From: Bruno Luong on 28 Jul 2010 17:50 HISTC is the builtin function for search in sorted list. But why not using a fast search and interpolation, for example the mex file posted here: http://www.mathworks.com/matlabcentral/newsreader/view_thread/258413 In any case try to vectorize the code rather of calling individual searching within for-loop. Bruno
From: Matt Fig on 28 Jul 2010 18:32 I would suggest that rather than calling your search engine in a FOR loop, you can vectorize it something like this example: %%%%%%%%%%%%%%%%%%%%%%%%%%%%%%%%%%% x = sort(rand(3000,1)*5); % The data points, x-vals of function y(x). xf = [2;3;4]; % Want to find index bracket to all elements of this. % Algorithm x1 = ones(size(xf)); x2 = length(x)*x1; while any((x2-x1)>1) xM = x1 + floor((x2-x1)/2); cond = xf>x(xM); x1(cond) = xM(cond); x2(~cond) = xM(~cond); end (x(x1)<=xf)&(xf<=x(x2)) % Check that we have bracketed the search data % Now the interpolations step is easy.... %%%%%%%%%%%%%%%%%%%%%%%%%%%%%%%%%%% Yet another suggestion would be that if you are going to call the search in a FOR loop, you first sort the search values (xf) then use the index found for xf(ii) as the starting point in the search for the index for xf(ii+1). This might even be faster than vectorization if the data is spaced well. Of course a MEX-file is probably faster anyway....

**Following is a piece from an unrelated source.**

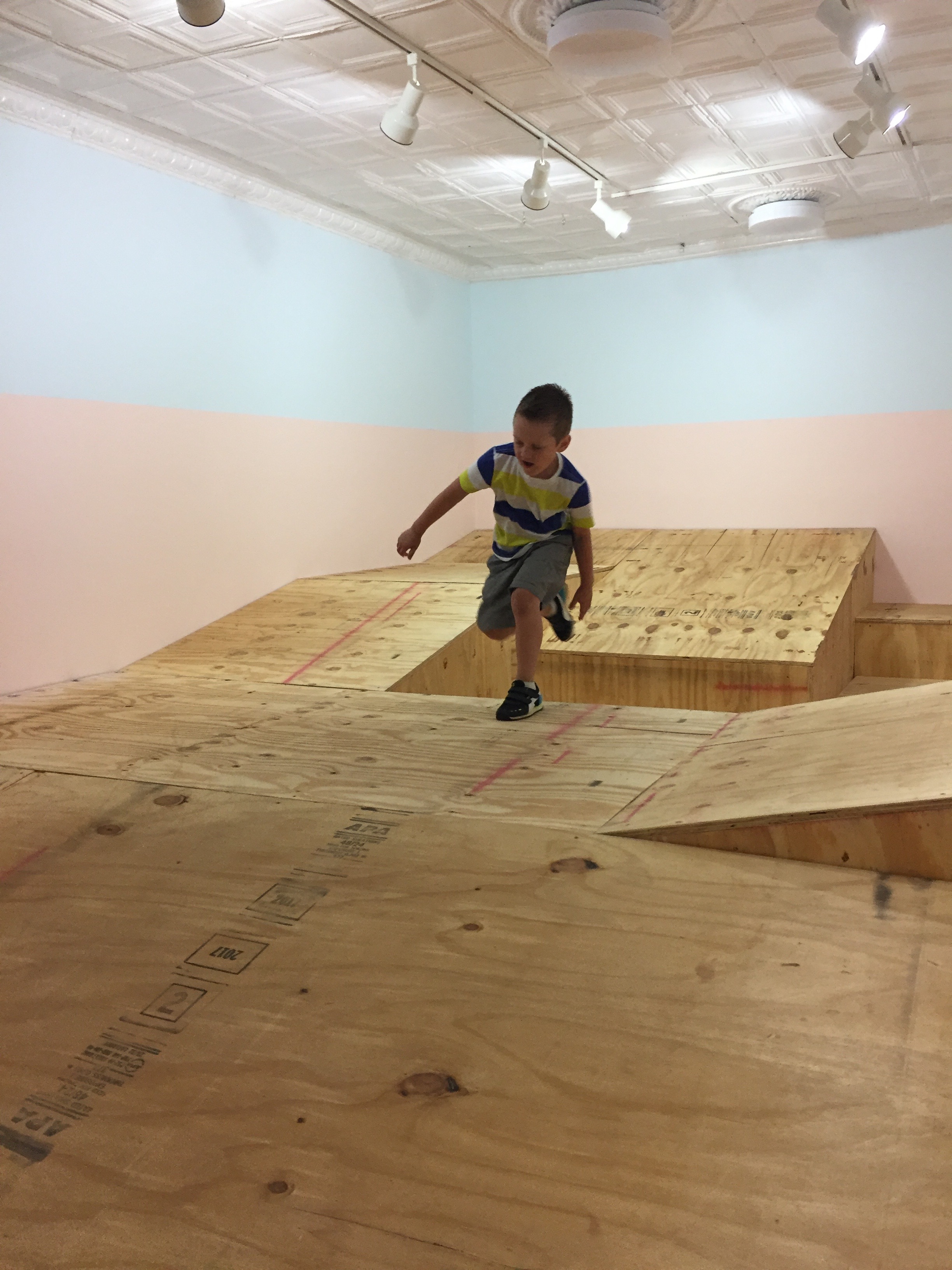 Surface Shift was an architectural intervention which physically altered the topography of the gallery at Open Space in Baltimore, MD. Visitors were invited to walk on, sit down, jump around, climb over, and lay down in this immersive piece. Over the course of the exhibition the installation hosted an event series titled Site Horizon featuring an Experimental Music Showcase and a Panel Discussion on Art and Design.

From: Paul on 28 Jul 2010 22:03 "Matt Fig" <spamanon(a)yahoo.com> wrote in message <i2qb5m$gok$1(a)fred.mathworks.com>... > I would suggest that rather than calling your search engine in a FOR loop, you can vectorize it something like this example: > > %%%%%%%%%%%%%%%%%%%%%%%%%%%%%%%%%%% > x = sort(rand(3000,1)*5); % The data points, x-vals of function y(x). > xf = [2;3;4]; % Want to find index bracket to all elements of this. > > % Algorithm > x1 = ones(size(xf)); > x2 = length(x)*x1; > > while any((x2-x1)>1) > xM = x1 + floor((x2-x1)/2); > cond = xf>x(xM); > x1(cond) = xM(cond); > x2(~cond) = xM(~cond); > end > > (x(x1)<=xf)&(xf<=x(x2)) % Check that we have bracketed the search data > % Now the interpolations step is easy.... > %%%%%%%%%%%%%%%%%%%%%%%%%%%%%%%%%%% > > > Yet another suggestion would be that if you are going to call the search in a FOR loop, you first sort the search values (xf) then use the index found for xf(ii) as the starting point in the search for the index for xf(ii+1). This might even be faster than vectorization if the data is spaced well. Of course a MEX-file is probably faster anyway.... @Matt - That code you offered is quite spectacular and nicely parallel. The algorithm I have above, even running only one value at a time in a for loop, along with the data set above, is still 3x faster for 160,000 random values over the interval. It has however gotten me thinking of how i can parallelize the binary search i use so far. And given me some great hints on how to do so. @Bruno - Ill look at that mex file tomorrow. What are the inputs it takes? Same as interp1? Is it like interp1q? I don't know what you are talking about with HISTC being the default. For my Matlab it is the cumulative histogram and im honestly not clever enough to get from histograms to searching sorted lists. To both of you! Thank you so much for all your help and suggestions. They have really given me a lot to think about in terms of vectorizing my calls.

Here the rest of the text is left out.